-- Information shown follows --

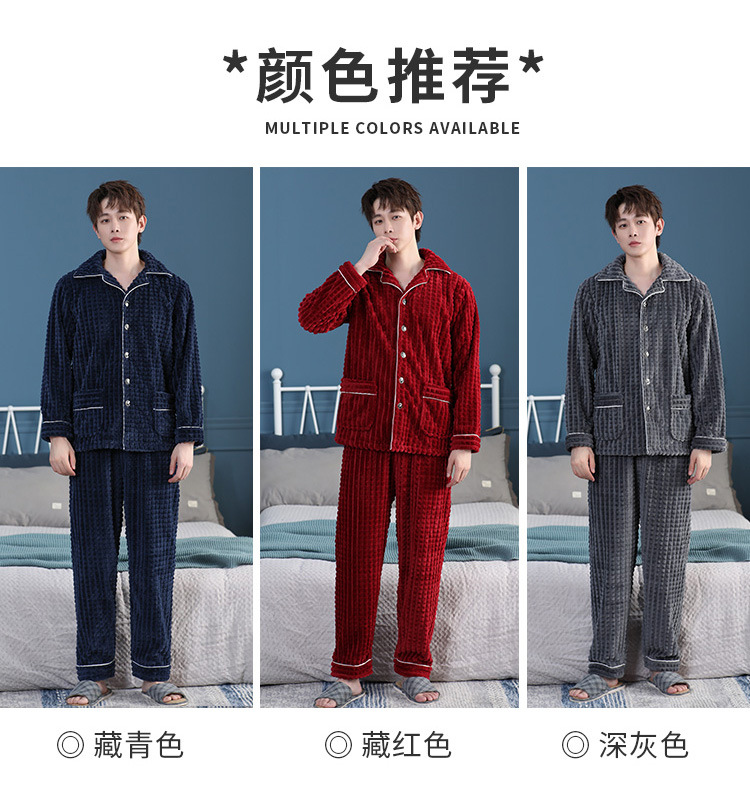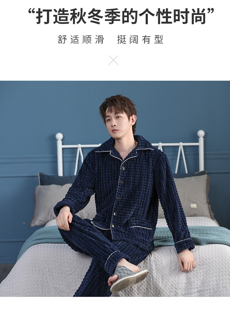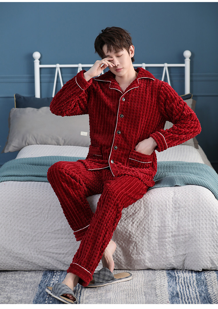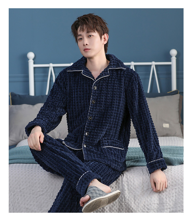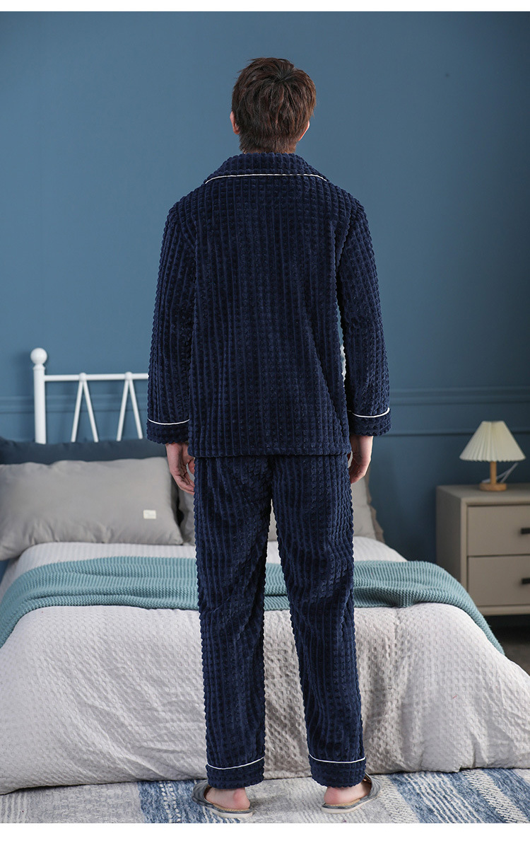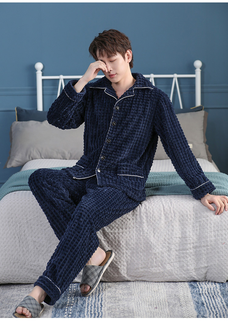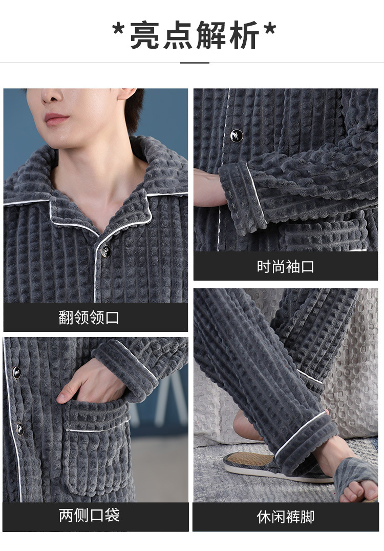 가을과 겨울 산호 양털 파자마 남자의 두꺼운 기모 플란넬 따뜻한 옷깃 플러스 사이즈 청소년 홈 의류 세트스토어 가기
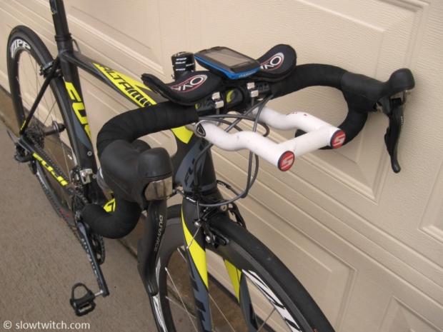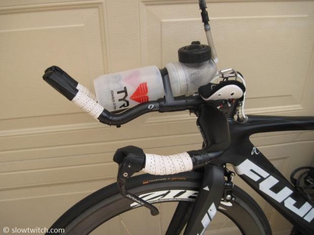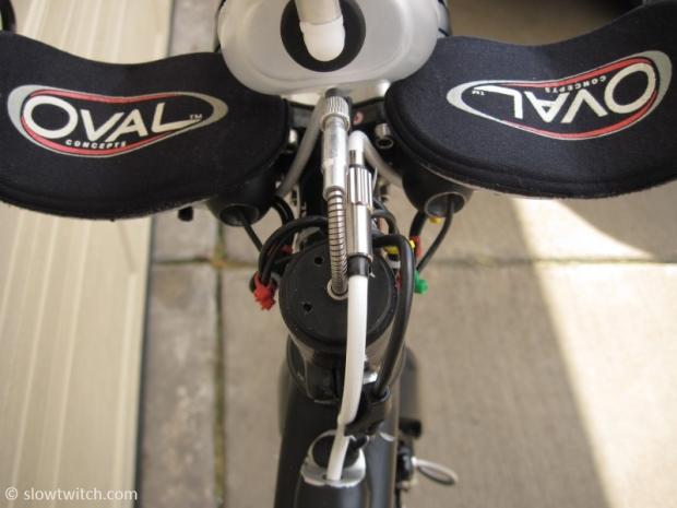 Sarah's ITU aerobar setup features Oval Concepts hardware and extensions, and a permanent custom aero bridge made by her husband Nate.
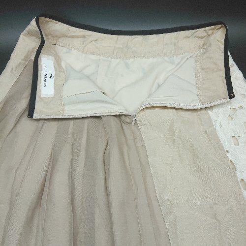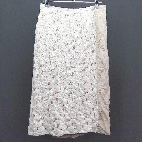 ◇ MEREILLE H 花柄レース刺繍 バックプリーツ 綺麗め ロング タイト スカート 表記なし アイボリー レディース E

-- Information shown concluded --

● **What this task involves**
Only the pictures are to be left out; all other material is to be output exactly.

● **Exercise response**
 가을과 겨울 산호 양털 파자마 남자의 두꺼운 기모 플란넬 따뜻한 옷깃 플러스 사이즈 청소년 홈 의류 세트스토어 가기
 Sarah's ITU aerobar setup features Oval Concepts hardware and extensions, and a permanent custom aero bridge made by her husband Nate.
 ◇ MEREILLE H 花柄レース刺繍 バックプリーツ 綺麗め ロング タイト スカート 表記なし アイボリー レディース E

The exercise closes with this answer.